Renewable energy subsidies in the firing line
Solar panels and home storage unit installations are currently subsidised through the federal government’s small-scale technology certificate (STC) scheme. Essentially, renewable energy purchasers are awarded a certain number of certificates depending on the size and location of the installation.
These certificates are then redeemable for cash and usually take off a few thousand dollars from the cost of solar. Under the NEG, however, new subsidies for the renewable energy would end. This will also apply to large-scale generation such as wind power, which is currently heavily subsidised.
The Energy Minister, Josh Frydenberg, told the National Press Club last week that the lower cost of renewables, particularly solar panels and storage units, is driving uptake, and that these technologies are now able to “stand on their own”, declaring “the time for new subsidies is over”. Mr Frydenberg continued by stating that there would be no new subsidies for coal generation either, insuring an “even playing field”.
Politics aside, the removal of subsidies will most likely create a spike in the price of solar. While solar seems to get cheaper by the week, it potentially means that now could be the best time to install solar within the near future.
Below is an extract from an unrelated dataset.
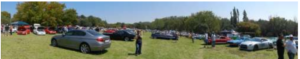
Good weather ensured a great turnout from a host of clubs

— ABC News (@abcnews) April 15, 2018
What’s next for the NEG?
There is some animosity between the federal and certain state governments regarding aspects of the NEG. The ACT, for example, has said it won’t sign up to the NEG if it compromises its efforts to deliver 100% renewable energy by 2020. NEG negotiations begin Monday and it’s unclear exactly what the policy will look like by the end of the week, but the federal government is likely to hold its position on removing all subsidies.
Customers receiving a solar feed-in tariff for their exported electricity should rest-assured that the NEG is unlikely to impact their FiT rate in any substantial way, as these are state policies and not within the federal jurisdiction.